27th Street Galleries Must Jump Hurdles Before Reopening

by Corinna Kirsch on November 7, 2012 · 0 comments Newswire

27th street in Chelsea. I received this cell phone photo from Isaac Lyles at Derek Eller Gallery with the text message: Brutal but we're fighting through it.

27th Street is a mess. That swath of galleries—Derek Eller Gallery, Winkleman, Foxy Production, Jeff Bailey Gallery, and Wallspace—remains shuttered, each dealing with a lack of electricity, heat, and phone service.

“It will likely be weeks before we can repair the damage and reopen,” Ed Winkleman, owner of Winkleman and founder of the Moving Image Fair, told us over email. He, like others, told us that the reports that are out there don’t mete out justice to the galleries’ physical—and potentially economic—devastation. Today, he updated his blog for the first time since the hurricane, but with a notice: “Normal blogging will not likely resume any time soon, I’m afraid. Just too much work left to get things back up and running.”

For the most part, it’s hard to get in touch with these galleries: landlines ring endlessly, internet is spotty, and calls get dropped all the time.
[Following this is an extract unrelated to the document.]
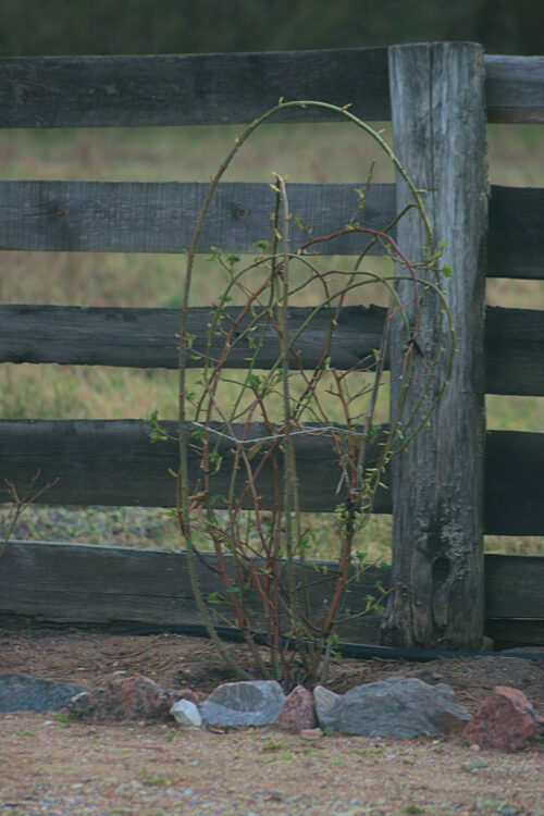Mateczny krzew róży 'Parfume de l’Hay’ wiosną został „zawinięty” zgodnie z metodą Ojca.
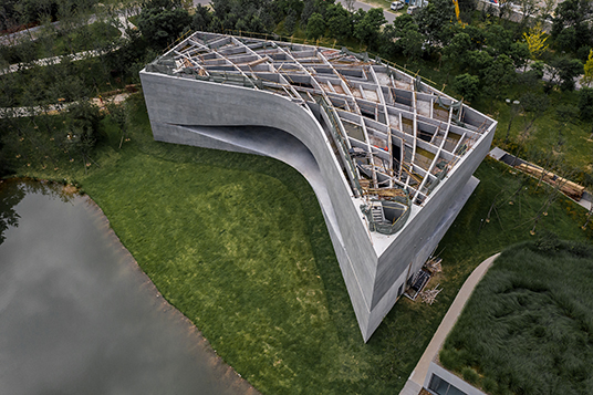 社区艺术中心镶嵌在一片坡地景观中,旁边有一个小湖,建筑在剖面上以起伏的姿态呼应了周围的大地形态。建筑的结构系统由弯曲的混凝土梁网组成,建筑物的上层部分由平面上三个角落的结构锚固于底层的混凝土坡上。 上层与外界封闭,其交叉的混凝土梁网将空间自然分割成梯形的小空间,室内与室外交错,形成迷宫般的园林景观空间。 在无障碍屋顶上可欣赏风景。

Progress is being made though; this week, the reception was a bit better and the internet started to return.

“Ideally, we’d like to open at the end of November, but it’s all very hypothetical,” Derek Eller Gallery Director Isaac Lyles told me over the phone on Tuesday. The gallery plans to reopen with a show of work by Thomas Barrow, whose exhibition was in the gallery during the flood. That work’s fine, but the majority of the gallery’s inventory, has been damaged beyond repair. Currently, the vast majority of work sits in the gallery space, waiting to dry out, but, according to Lyles, “it’s still a little humid.” He said it could take up to a year for the insurance claims to come through.

Given the extent of the damage, some galleries may be forced to consider moving. The  27th Street dealers have particularly good reasons to desire a new location: Waterfront Realty, their management company has failed to help with even basic relief, like clearing out the remaining water, and helping to remove garbage and debris from the properties.

As of Tuesday, there were still a few inches of water left in the gallery buildings, after an initial ground swell of 5 ½ feet. Waterfront Realty failed to return our calls, or those of the gallerists.

“We might not be in the same space, “ Lyles told us seriously. “Everything’s on the table.”